I have managed condo's, co-ops, townhomes in NJ and now NC and I have seen so many documents read so many different ways.

Nonetheless, the board can restrict wiring on the exterior of the unit, but cannot prohibit you from repairing your airconditioner. If you get several AC repairmen to give you options, I am sure you can resolve this by hiding the wiring.
PitA
Posts: 311
Posted:
The EASIEST repair is to run new wiring on the building's exterior.

The PROPER repair is to run inside the wall(s) like the original.

The wiring is LOW VOLTAGE control type just like a doorbell's, except better grade 6 conductor 'bundled and wrapped'.

I do not believe your HOA will permit exterior and IMPROPER 'Rube Goldberg' type repair.

You may need a more experienced 'technician', ask the company to send out one of their installers.
PitA
Posts: 311
Posted:
Melissa,

I am an electrician (Industrial mostly).
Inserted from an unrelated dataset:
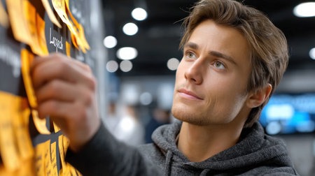 A man using sticky notes for strategic planning. Concept Strategic Planning, Using Sticky Notes, Office Environment, Business Strategy, Success Tips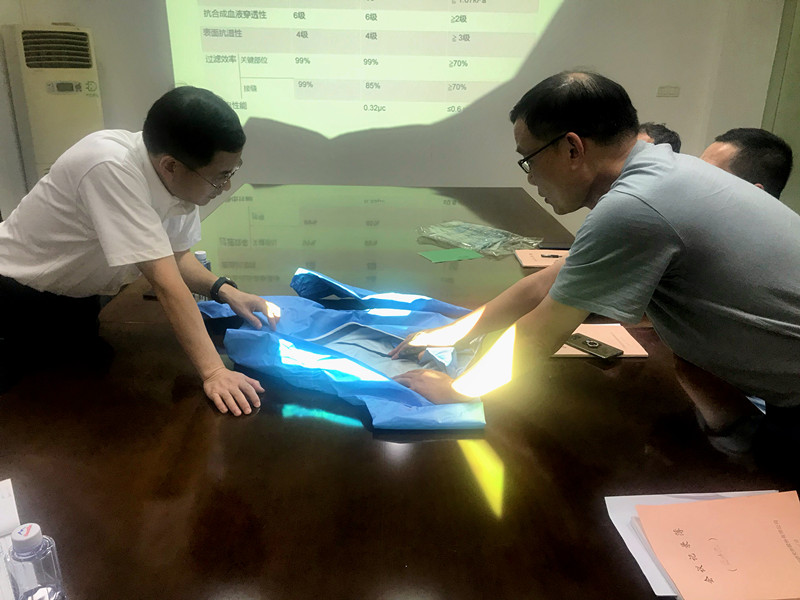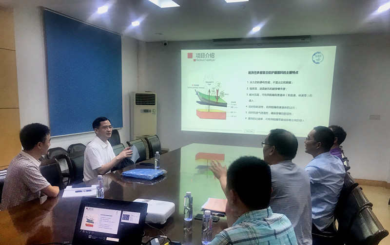 孙海东首先听取了公司领导班子对于纺研所的基本情况介绍以及在研核心项目《耐洗性多层复合防护服面料》的项目情况。孙海东局长对在研项目非常认可,希望纺研所要做好对标工作,认真关注国内外行业竞争者的发展情况,将高新技术融入传统纺织,推进传统纺织行业的发展。孙海东局长表示,无锡市科技局也会“一所一策”做好服务,与纺研所同推进优秀科研项目转化为优秀科技成果,将好的科技成果早日推向国内外市场。

My bet is that the AC wiring is inside a PVC pipe. This may make it much easier to repair.


Unless the OP is referring to a 'mini-split' ductless system the wire in question is merely the low voltage thermostat/control wiring and most likely would NOT be in any conduit.

ps. ? do you never tire ?

TimB4 (Tennessee)
Posts: 21,061
Posted:
Old Thread reactivated for the purpose of posting spam.
PitA
Posts: 311
Posted:
oops

have to check date of original post

GenoS (Florida)
Posts: 4,276
Posted:
SuraiyaA

This thread is 13 years old!

It was already revived once for the purpose of spamming.

PLEASE start another thread.
GeorgeS21 (Florida)
Posts: 3,808
Posted:
I recall working on the main BOQ HVAC onboard NAS Cubi Point - chilled water system.

No parts available for HVAC locally.